- 龙 门 山 Location within China

Highest point
- Elevation: 1,087 m (3,566 ft)
- Coordinates: 35°42′15″N 110°38′55″E﻿ / ﻿35.70417°N 110.64861°E

Naming
- English translation: dragon gate mountain
- Language of name: Chinese
- Pronunciation: Mandarin: [lʊŋ˧˥mən˧˥ʂ̺an˥]

Geography
- Location: Shanxi, China

= Mount Longmen (Shanxi) =

Mountain in Shanxi, China

Lóngmén Shān, Mount Longmen or Longmen Mountain is a mountain in Shanxi province, China. In March–April 2010, the Wangjialing coal mine flood occurred here.

==Geography==
Lóngmén Shān is where the Yellow River abruptly leaves the vast, rugged expanse of the Loess Plateau that spreads out in the mountain's north and west to enter a plain which connects both to the nearby Linfen Basin in the east and to the Guanzhong Plain further southwest. The mountain is thus a part of the Loess Plateau's southern edge. At the same time, it forms the south-western extreme point of the Lüliang Mountains, a range that runs parallel to the river as it flows south.

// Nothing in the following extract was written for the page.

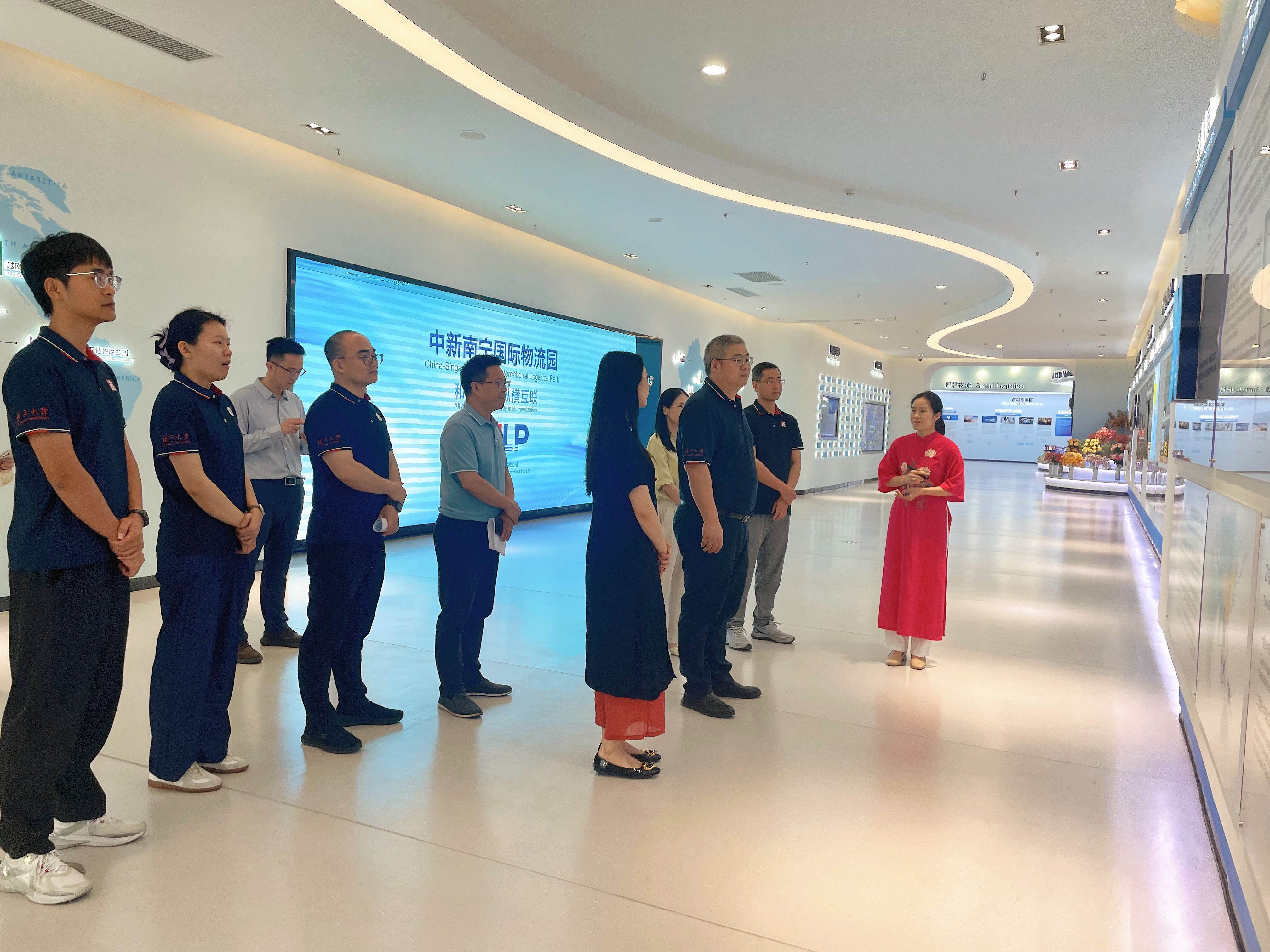 在中国—东盟特色商品汇聚中心副总经理李丹、活动策划部总经理刘金生等陪同下,调研组先后参观了中新南宁国际物流园展厅、汇聚中心新加坡馆、马来西亚、越南、印尼、泰国、缅甸等国家特色展馆及中国—东盟水果交易中心展厅,了解其在促进中国-东盟商贸互通中的枢纽作用。座谈会上,广西新中产业投资有限公司、中国—东盟特色商品汇聚中心董事长赵海燕提出企业人才需求及东盟商贸培训合作意向,双方就共建创新创业基地达成共识。朱帮助表示,公司将结合东盟区域经济特色,联合企业开发定制化课程,为跨境物流与商贸领域培养高素质复合型人才。

The spot at Lóngmén Shān's southwestern tip where the Yellow River breaks through is called Yǔménkǒu ("Yu's doorway, or gate"). Here, three bridges span the Yellow River. As there are no other nearby bridges either upstream or downstream, this is the only dry connection from Xiangning County and Hejin (in Shanxi province) across the river to Hancheng (in Shaanxi province), hence the name Xiang-Han Yellow River Bridge(s) (乡韩黄河大桥 (Xiāng-Hán Huáng Hé Dàqiáo)).

From Yǔménkǒu, Lóngmén Shān stretches in a straight northeasterly direction and then slightly bends eastward toward its opposite end, where a ravine (青石峪 (Qīngshí Yù)) breaks through to the plain, separating Lóngmén Shān from the rest of the Lüliang Mountains.

==Administration==
Administratively, the main part of Lóngmén Shān is in the county-level city of Hejin in the prefecture-level city of Yuncheng; only the mountain's northeastern end reaches into Xiangning County in the prefecture-level city of Linfen. All these are in the province of Shanxi, but the similarly named province of Shaanxi is just across the Yellow River that forms the boundary between these two provinces until much further upstream and downstream.